For 3-bytes characters (1110xxxx 10xxxxxx 10xxxxxx): 61440 possibilites per 3 bytes

对于3字节的字符(1110xxxx 10xxxxxxxx):每3个字节有61440种可能

  • + UTF-8 3-byte chars 1110xxxx 10xxxxxx 10xxxxxx = +2^16
  • utf - 8 + 3字节字符1110 xxxx 10 xxxxxx xxxxxx = + 2 ^ 16
  • - UTF-8 illegal non-canonical chars (11100000 100xxxxx 10xxxxxx) = -2^11
  • 非法非规范utf - 8字符(11100000 100 xxxxx xxxxxx)= 2 ^ 11
  • - Unicode reserved UTF-16 codepoints (11101101 101xxxxx 10xxxxxx) = -2^11
  • - Unicode utf - 16 codepoints保留(11101101 101 xxxxx 10 xxxxxx)= 2 ^ 11

And I won't make the calculation for 4-bytes characters, that's pointless: the number of possibles would be negligible and there are too many illegal UTF-8 charactrs in this range.

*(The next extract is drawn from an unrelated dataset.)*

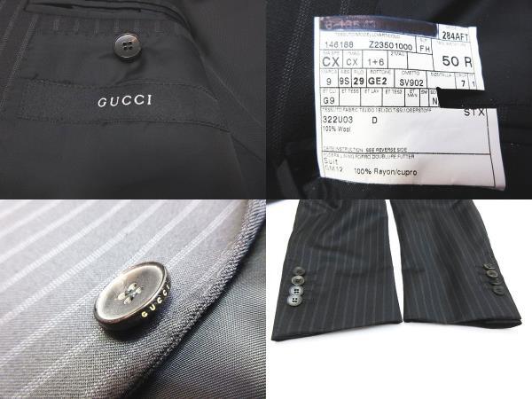 | 訳あり GUCCI グッチ ウール100% スーツ セットアップ ストライプ テーラードジャケット スラックス 50R ブラック 黒 メンズ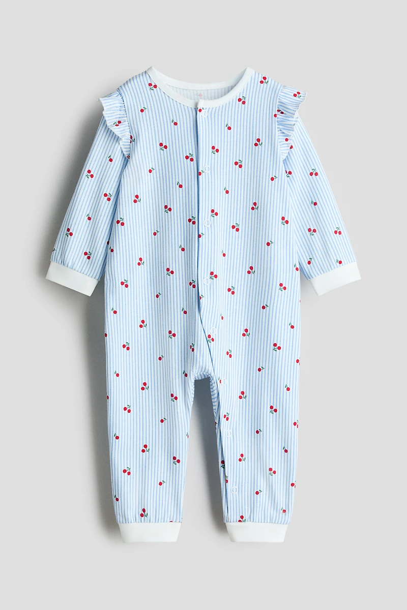 Pajama jumpsuit in supersoft cotton jersey with a printed pattern. Long sleeves, long legs, and trim at cuffs and hems. Snap fasteners at front and along one leg for easy changing.

我不会计算4个字节的字符,这是没有意义的:可能的数目是可以忽略的,在这个范围内有太多的非法UTF-8字符。


The coding possibilites in let's say a 3-byte space


So let's see what combinations we can do on a 3-byte (24bit) space:

让我们看看在一个3字节(24位)的空间里我们能做什么组合:

  • 0xxxxxxx 0xxxxxxx 0xxxxxxx : That's 96*96*96 = 884736 possibilities
  • 那是96*96*96 = 884736种可能性
  • 0xxxxxxx 110xxxxx 10xxxxxx : That's 96*1920 = 184320 possibilities
  • 那是96*1920 = 184320种可能性
  • 110xxxxx 10xxxxxx 0xxxxxxx : That's 1920*96 = 184320 possibilities
  • 那是1920*96 = 184320种可能性
  • 1110xxxx 10xxxxxx 10xxxxxx : That's 61440 = 61440 possibilities
  • 这是61440 = 61440的可能性

There would be other possibilites (like a 3-bytes char ending or starting in the space but like 4-bytes chars, that would be difficult to evaluate (for me) and probably negligible).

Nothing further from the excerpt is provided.